Domains and Subscriptions
Domains are logical groups corresponding to business units or teams, clarifying data ownership and management responsibility. In the subscription workflow, consumers request access to data assets, and producers or administrators approve the requests. After approval, Lake Formation permissions are automatically granted, and consumers can execute queries from Athena.

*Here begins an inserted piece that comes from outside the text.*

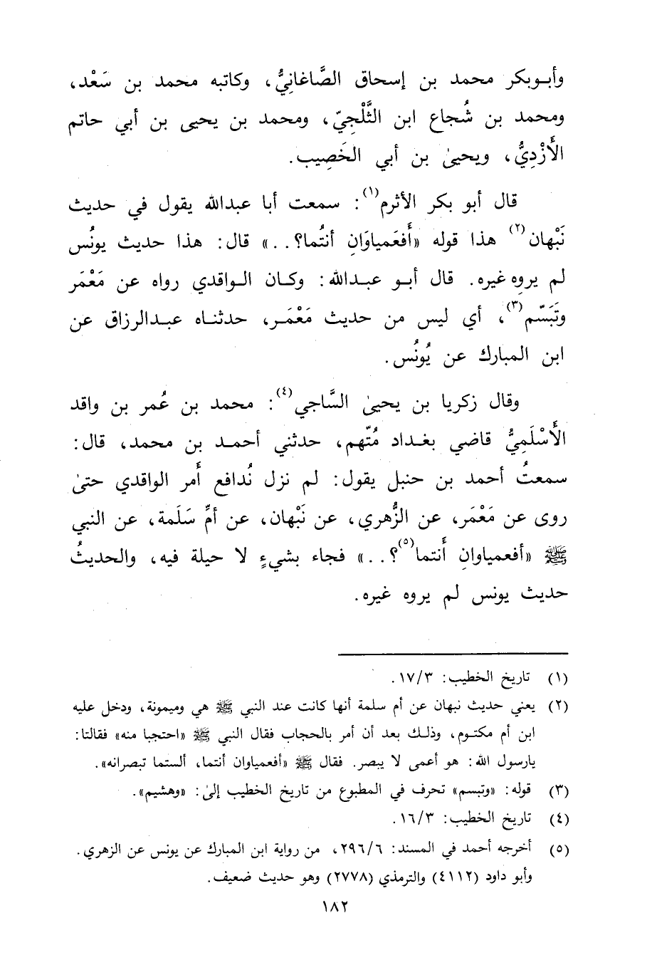 وَقَال زكريا بن يحيى الساجي (4) : مُحَمَّد بن عُمَر بن واقد الأَسلميّ قاضي بغداد متهم، حَدَّثَنِي أحمد بْن محمد، قال: سمعت أَحْمَد بْن حنبل يَقُول: لم نزل ندافع أمر الواقدي حتى روى عن معمر، عن الزُّهْرِيّ، عن نبهان، عن أم سلمة، عَنِ النبي صَلَّى اللَّهُ عَلَيْهِ وسَلَّمَ "أفعمياوان أنتما (5) ؟.."فجاء بشيءٍ لا حيلة فيه، والحديث حديث يونس لم يروه غيره.

Data Quality and Catalog Management
DataZone's data quality rules automatically validate the quality of published data assets. Define rules for completeness (percentage of NULL values), uniqueness (duplicate records), and freshness (last update date), and display quality scores in the catalog. The business glossary manages organization-wide term definitions, and by tagging data assets, you can search for data by business meaning rather than just technical table names. Metadata forms define custom attributes such as data owner, update frequency, and sensitivity level, attaching governance-relevant information to data assets. Integration with the Glue Data Catalog enables automatic import of existing table definitions into DataZone. For a comprehensive understanding of DataZone design patterns, refer to technical books (Amazon).
DataZone Pricing
DataZone pricing consists of the number of data assets registered in the catalog and metadata API call volume. Data assets cost approximately $0.10 per asset per month, and metadata API calls cost approximately $4.25 per million requests. Subscription approval and management are available at no additional charge. In large organizations where data assets can reach thousands, manage costs through regular inventory of unnecessary assets. Leveraging existing metadata through Glue Data Catalog integration avoids duplicate catalog management and reduces operational costs.
Summary
DataZone is a service that unifies data discovery, sharing, and governance to maximize data value across the organization. Domain-based ownership management clarifies data responsibility, and subscription workflows enable approval-based data sharing. Data quality rules and business glossaries improve catalog reliability and searchability.